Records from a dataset

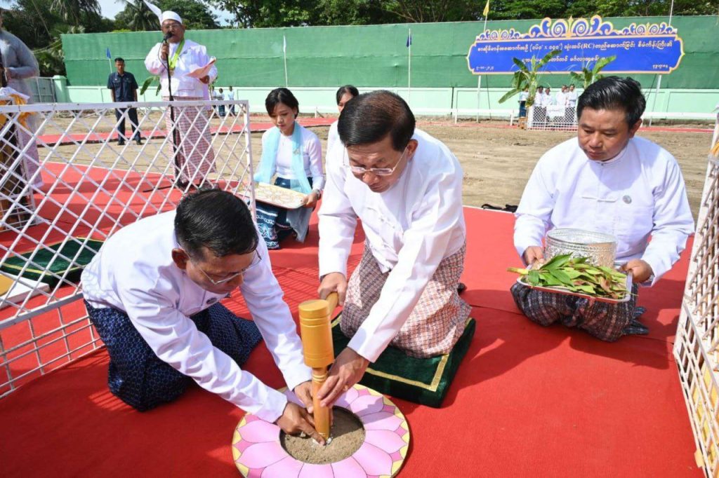 Chairman of the State Administration Council Prime Minister Senior General Min Aung Hlaing attended the ceremony to drive jewellery stakes for construction of Sarso Beikman for the sake of literati and writers who emerged in Myanmar, at the venue on Bo Min Khaung Road in Uyin Ward of MingalaTaungnyunt Township of Yangon Region this morning.
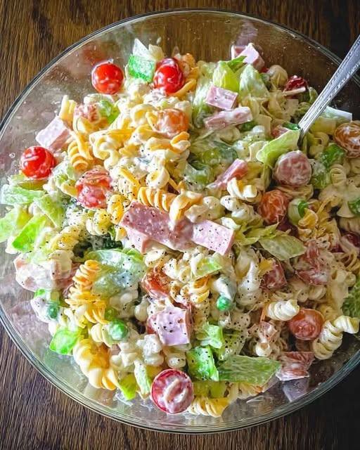 La salade de pâtes étagée est bien plus qu’un simple plat d’été : c’est une véritable œuvre culinaire, aussi belle à regarder que délicieuse à savourer. Présentée dans un grand saladier transparent ou en verrines, elle séduit par ses couches colorées, sa fraîcheur et son mélange harmonieux de textures. Idéale pour un pique-nique, un buffet ou un repas convivial, elle s’adapte à toutes les envies et se prépare facilement à l’avance.
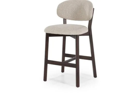 Barkruk Mikky 96259 van het merk Eleonora, is uitgevoerd in de stof Taupe Moon met pootkleur bruin.
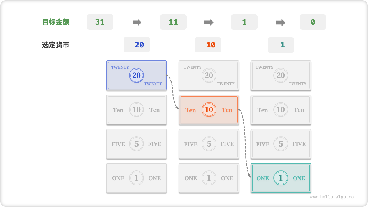 - 完成找零,方案为 \(20 + 10 + 1 = 31\) 元。
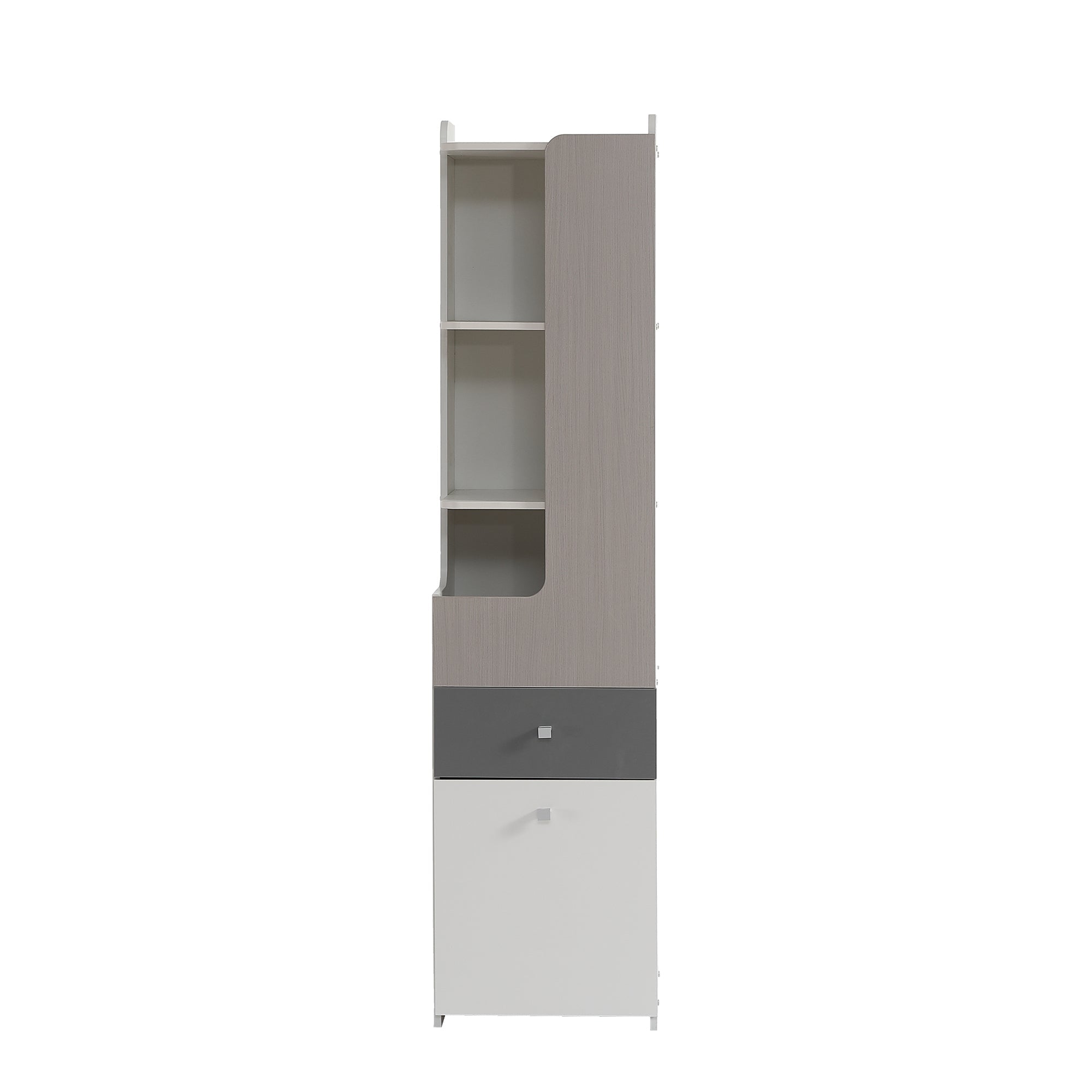 The bookcase offers practical storage space with two shelves, a drawer, and a storage compartment for neatly organizing books, files, and other items. Its tall, vertical design makes it space-saving and ideal for small spaces. Made of white MDF with light elm and gray accents, this bookcase blends seamlessly into a variety of interior styles.

### Exercise requirements
Pictures are to be left out; the answer must otherwise be exactly the lines from the one with "Barkruk Mikky 96259" through the final line of the entries above, both included.

### Answer below
 Barkruk Mikky 96259 van het merk Eleonora, is uitgevoerd in de stof Taupe Moon met pootkleur bruin.
 - 完成找零,方案为 \(20 + 10 + 1 = 31\) 元。
 The bookcase offers practical storage space with two shelves, a drawer, and a storage compartment for neatly organizing books, files, and other items. Its tall, vertical design makes it space-saving and ideal for small spaces. Made of white MDF with light elm and gray accents, this bookcase blends seamlessly into a variety of interior styles.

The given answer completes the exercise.